Due to the collapse of local tax revenues caused by the national economic downturn, many transit systems may face shortages of money over the next year or two. Assuming this is the case, transit providers will have to either raise fares or reduce services by eliminating bus routes or otherwise reducing transit service. It seems to me that raising fares is generally the lesser evil, both from the standpoint of an individual rider and from the standpoint of the transit agency itself.

3 minute read

December 11, 2008, 11:17 AM PST

By Michael Lewyn @mlewyn


Due to the collapse of local tax revenues caused by the national economic downturn, many transit systems may face shortages of money over the next year or two. Assuming this is the case, transit providers will have to either raise fares or reduce services by eliminating bus routes or otherwise reducing transit service.

It seems to me that raising fares is generally the lesser evil, both from the standpoint of an individual rider and from the standpoint of the transit agency itself.

If an individual rider has to pay more to get on the bus, the rider is obviously worse off. But even so, that rider can still use the bus to get to work. By contrast, if the rider loses service entirely (or loses service at the times the rider needs to travel), then that rider is completely cut off from public transit. If this former rider cannot use a car (due to low income, age or disability) then he/she is essentially cut off from the labor force and from society- hardly a desirable result. If the former rider is a car-owning"choice rider", he/she will drive to work every day, creating pollution and clogging local highways - also an undesirable result.

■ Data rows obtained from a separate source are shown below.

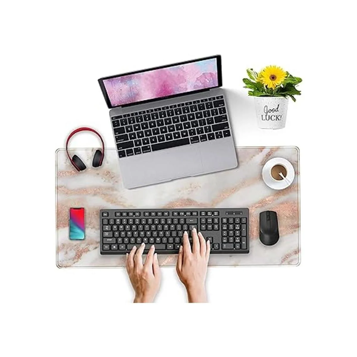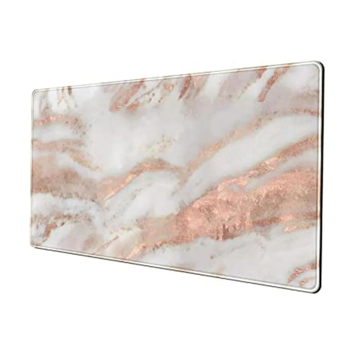 Tapete de escritorio de mármol dorado rosa, bonita decoración de escritorio, tapete de mouse metálico de lujo grande para juegos 31.5 x 15.75 pulgadas, tapete de teclado femenino para mujer, tapete de escritorio para computadora para trabajooficina y hogar
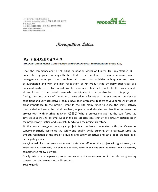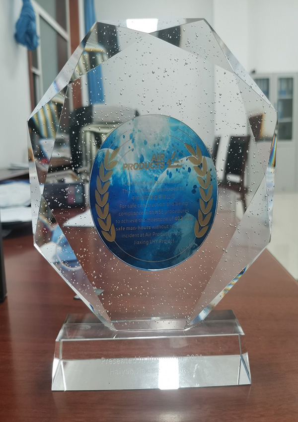 近日,我公司承建的空氣化工產(chǎn)品(浙江)有限公司海鹽氫能源和工業(yè)氣體綜合項目一期工程,收到業(yè)主頒發(fā)的“達到400000安全人工時”優(yōu)秀團隊獎杯和表揚信。
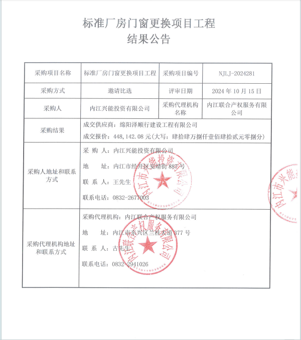 標(biāo)準(zhǔn)廠(chǎng)房門(mén)窗更換項(xiàng)目工程結(jié)果公告
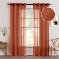 Miulee 2 Panels Terracotta Semi Sheer Window Curtains Elegant Grommet Top Window Voile Drapes/Treatment Linen Textured Panels For Bedroom Living Room Rust Boho Retro Fall Decor (54X108 Inches)
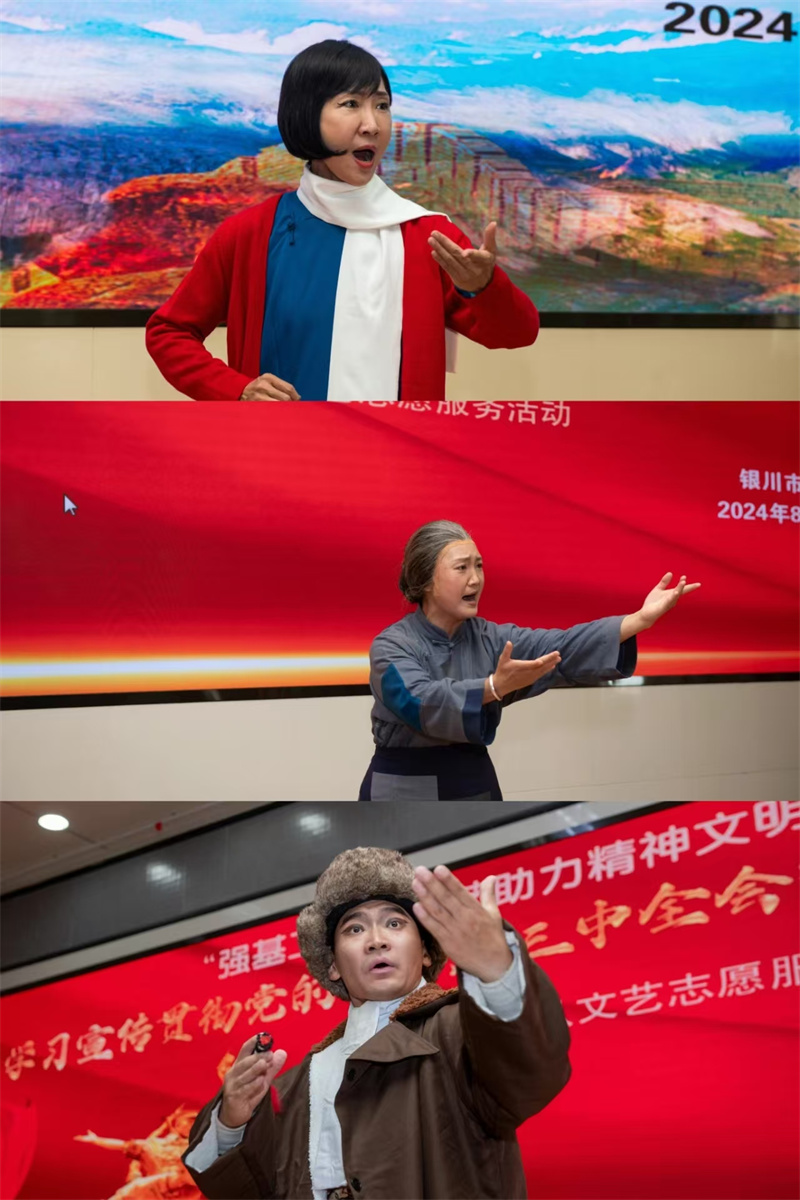 宁夏京剧院国家一级演员王娜、优秀青年演员王蒙、马智,银川市戏剧家协会国家一级演员李小荣、国家二级演员鱼亮、李梦聪分别为现场部队官兵带来了京剧《江姐》《红灯记》《智取威虎山》选段和秦腔《洪湖赤卫队》《血泪仇》眉户剧《大家喜欢》的精彩选段。
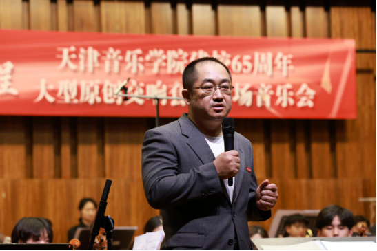 本次專場音樂會由院黨委書記王歡擔任總策劃,院長王宏偉擔任藝術總監,作曲系總支書記劉彬、管弦系總支書記王健英策劃,作曲系主任張海峰、管弦系主任宋強擔任音樂總監。音樂會的九部作品是作曲系教師自6月13日至8月15日歷時近兩月專為建校65周年獻禮而作,也是作曲系管弦樂創作成果的一次集中展示,每一位作曲家都親述了她(他)們的創作初衷與構思,九部作品個性鮮明,表達了對天津音樂學院的真摯情感,也展現了“天音人”積極探索、不斷進取的精神風貌。音樂會后,來自約克大學的馬丁教授表示:很高興有機會參加這場音樂會,并且領略到天津音樂學院作曲系的老師們高質量和多樣化的創作。祝賀九位作曲家成功的首演,以這樣一場鼓舞人心的方式來慶祝天津音樂學院建校65周年!
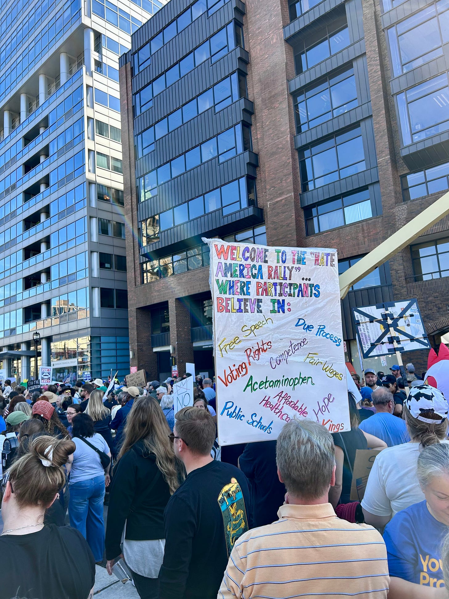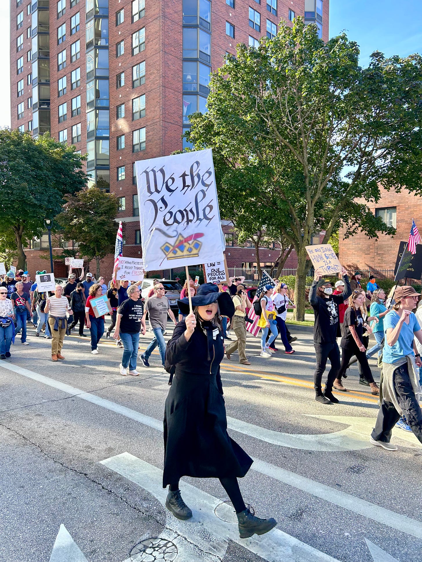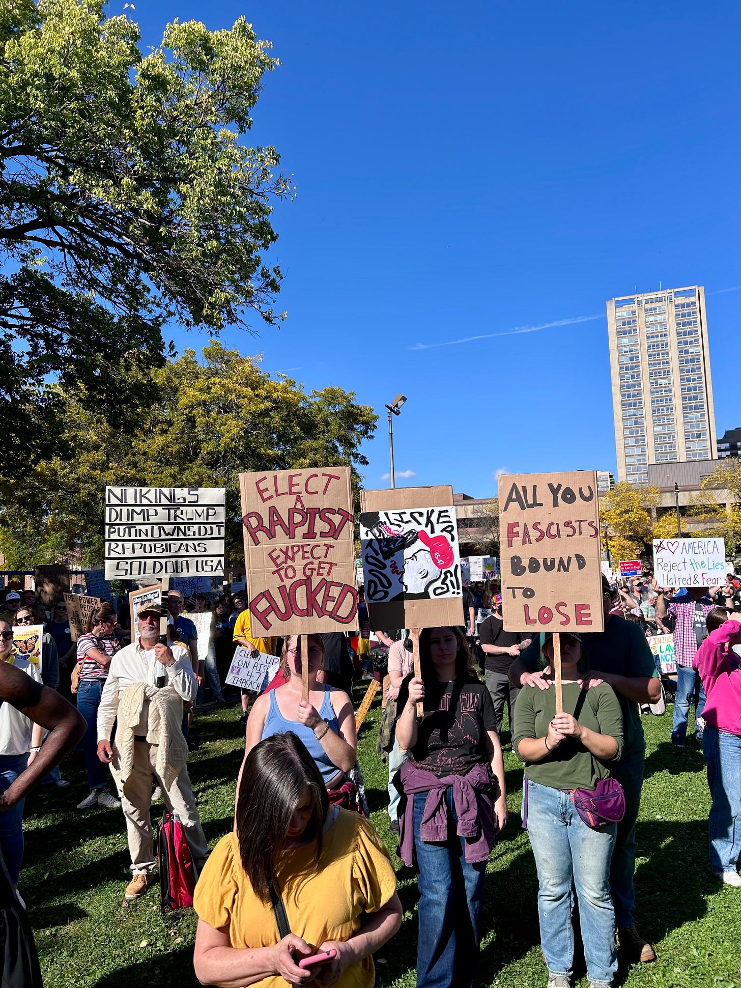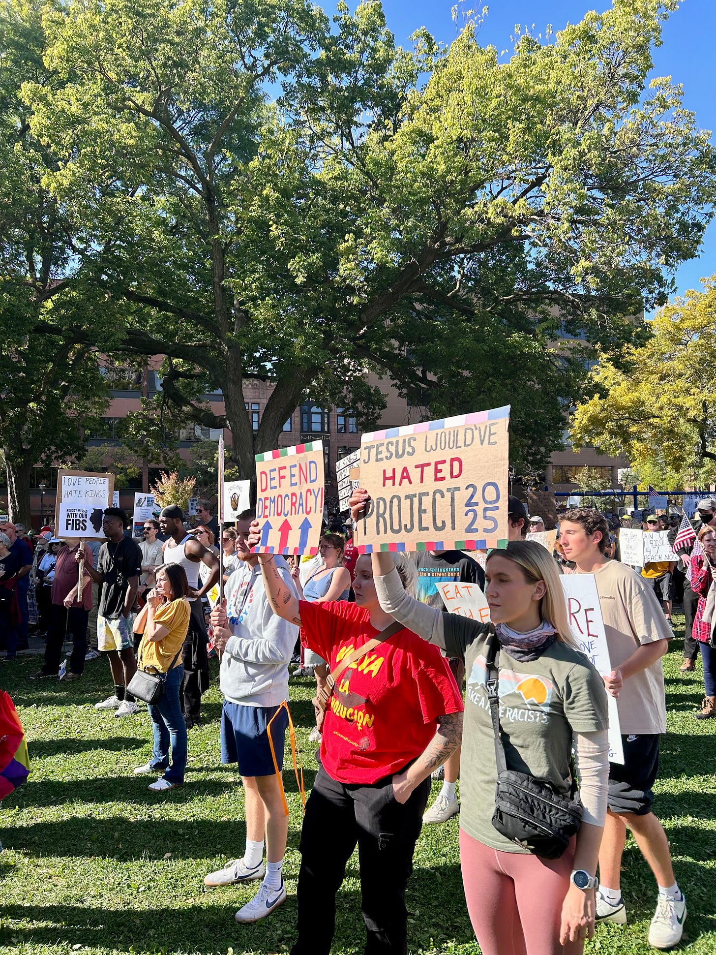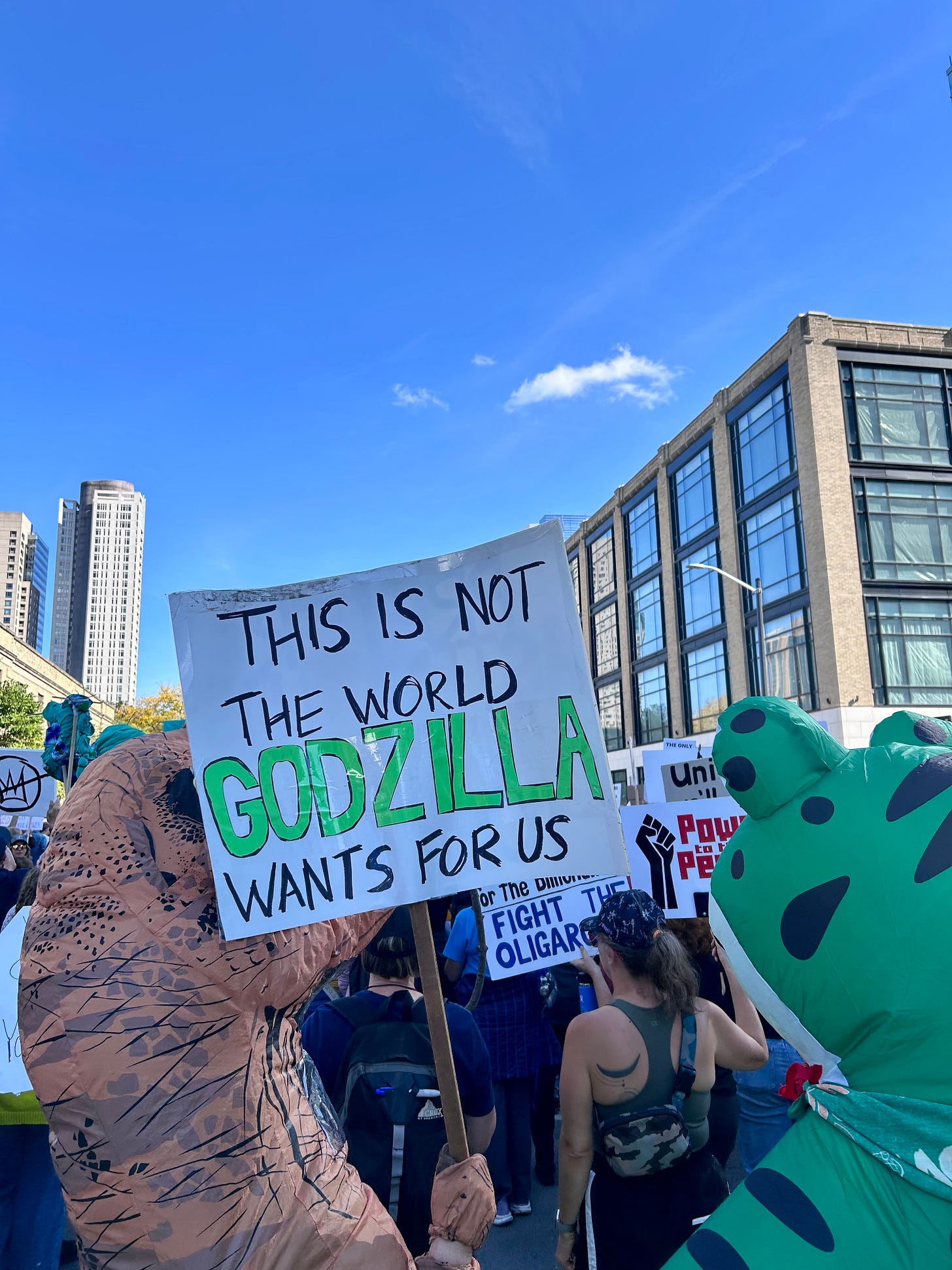 Thousands gathered peacefully at Cathedral Square Park, where a series of speakers (including Recombobulation Area contributor Angela Lang!) spoke at the park. Earl Ingram, host of the “What’s Going On with Earl Ingram” podcast on Civic Media, emceed and spoke at the event. Maggie Daun, host of “The Maggie Daun Show” on Civic Media, also spoke at the protest. You can watch the livestream from that here on the No Kings Milwaukee YouTube Channel.

Moreover, that rider may have relied on existing service, by choosing to live in area served by transit. By contrast, a rider is much less likely to rely on existing transit fares, since transit agencies periodically increase fares.

To be sure, transit agencies lose riders in the short run when fares are increased. But nevertheless, transit ridership will, in the long run, decay even more if services are reduced. If a rider decides to drive because gas prices are down and bus fares are up, the former rider might go back to the transit system if gas prices rise again, or if inflation erodes the fare increase a few years later. But if that former rider simply has no convenient bus route available, that rider is lost to the transit system forever. No matter how high gas prices are, a rider cannot take the bus to work if the bus doesn't go where he/she lives and works.

Of course, it could be argued that low-ridership routes should generally be cut back- and to be sure, service cutbacks are more defensible where routes are duplicative of other routes, or where cutbacks merely involve making a bus go every 20 minutes instead of every 15.

But the "let's cut the weakest bus route" argument proves too much: no matter how high or low a system's ridership, there will always be some routes with fewer riders than others. So if the route with the lowest ridership is cut every couple of years, eventually a city will have only one route- hardly a desirable result. Thus, every effort should be made to keep buses going where they already go, at times beyond the rush hour service typical of smaller systems.